Embedding $\beta X$ in $\mathbb{N}^{\kappa}$ for some cardinal $\kappa$.

Question

I found an interesting exercise but I don't know how to solve it.

Given a topological space $X$, suposse that there exist $\lambda$ a cardinal such that $X$ is homeomorphic to a closed subset of $\mathbb{N}^{\lambda}$ ($X$ can be viewed, in fact, as a closed subset of $\mathbb{N}^{\lambda}$). Is there $\kappa$ a cardinal such that $\beta X$ is homeomorphic to a subspace of $\mathbb{N}^{\kappa}$? Here, the subspace is not necesarilly closed nor open. It's only a subspace of $\mathbb{N}^{\kappa}$.

I really don't know how to solve it. Is it true? My first attempt was take $X\subseteq\mathbb{N}^{\lambda}$ with $X$ closed in $\mathbb{N}^{\lambda}$. By the Tychonoffness of $\mathbb{N}^{\lambda}$ then such space can be viewed as a subspace of $[0,1]^{\alpha}$ for some cardinal $\alpha$, i.e., $\mathbb{N}^{\lambda}\subseteq [0,1]^{\alpha}$. Then $X\subseteq \mathbb{N}^{\lambda}\subseteq [0,1]^{\alpha}$. If we take the closure respect to $Z=[0,1]^{\alpha}$, i.e., $$\text{cl}_{Z}(X)\subseteq\text{cl}_{Z}(\mathbb{N}^{\lambda})\subseteq [0,1]^{\alpha}$$ Can be $\text{cl}_{Z}(X)=\beta X$? From here I don't know how to go because $\text{cl}_{Z}(\mathbb{N}^{\lambda})$, in general, is not of the form $\mathbb{N}^{\kappa}$. Any hint? Thanks for your help.

Answer 1

Recall that a space is called $\mathbb{N}$-compact, if it can be embedded as a closed subset of $\mathbb{N}^{\lambda}$ for some cardinal $\lambda$. Note that a compact subset of $\mathbb{N}^{\lambda}$ is closed in $\mathbb{N}^{\lambda}$, hence $\mathbb{N}$-compact.
With this notation the question is, when $\beta X$ is $\mathbb{N}$-compact. In fact, Tyrone already almost pointed out the answer, namely:

Let X be completely regular. Then $\beta X$ is $\mathbb{N}$-compact, iff $X$ is strongly $0$-dimensional.
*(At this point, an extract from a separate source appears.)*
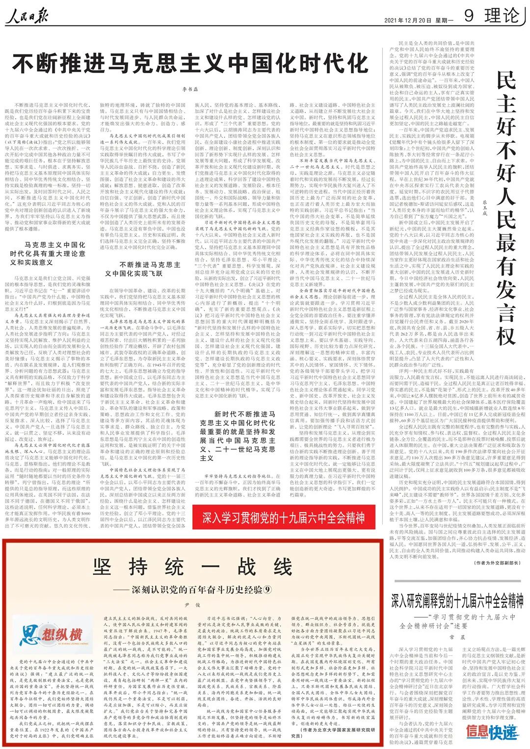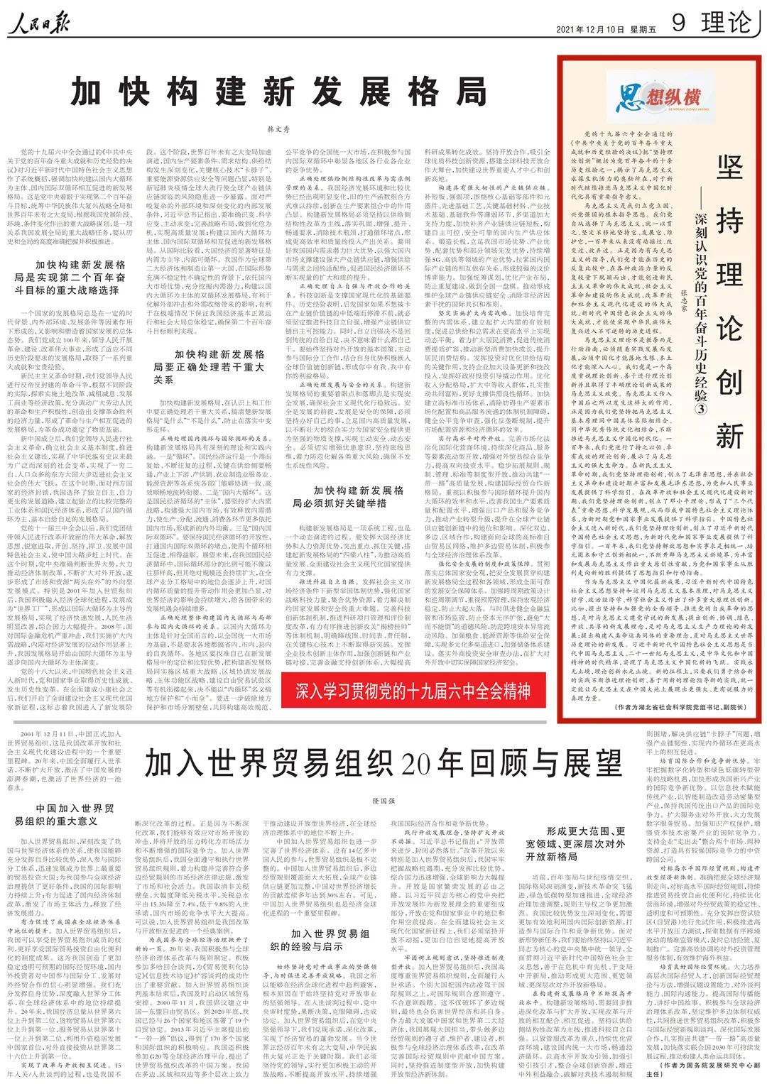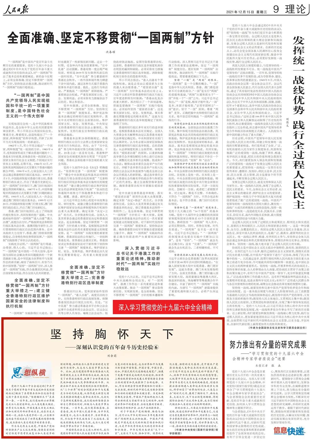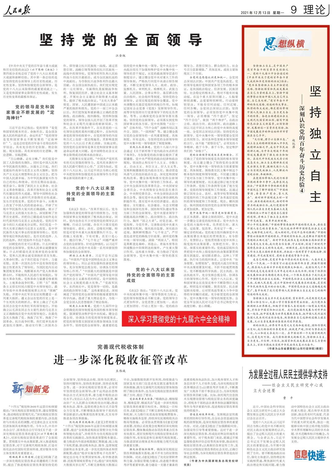 為幫助廣大讀者深刻認(rèn)識黨的百年奮斗歷史經(jīng)驗,《人民日報》理論版“思想縱橫”欄目近日連續(xù)刊發(fā)了10篇解讀文章,我們對此進(jìn)行了整理,供大家集中學(xué)習(xí)參考。

Proof: "$\Rightarrow$": Obviously, $\beta X$ is $0$-dimensional. Hence, $X$ is strongly $0$-dimensional.
"$\Leftarrow$": Since $X$ is strongly $0$-dimensional, $\beta X$ is strongly $0$-dimensional. Since it is compact, in particular, realcompact, it is $\mathbb{N}$-compact. (This is a well-known result proven in 1967 by H. Herrlich. I couldn't find an online version of the proof, but it is cited, for instance, here, and also mentioned in the paper of Mysior mentioned by Tyrone.)

The example given in Mysior is $\mathbb{N}$-compact, but not strongly $0$-dimensional, hence $\beta X$ is not $\mathbb{N}$-compact, thus answering the assumption in the negative.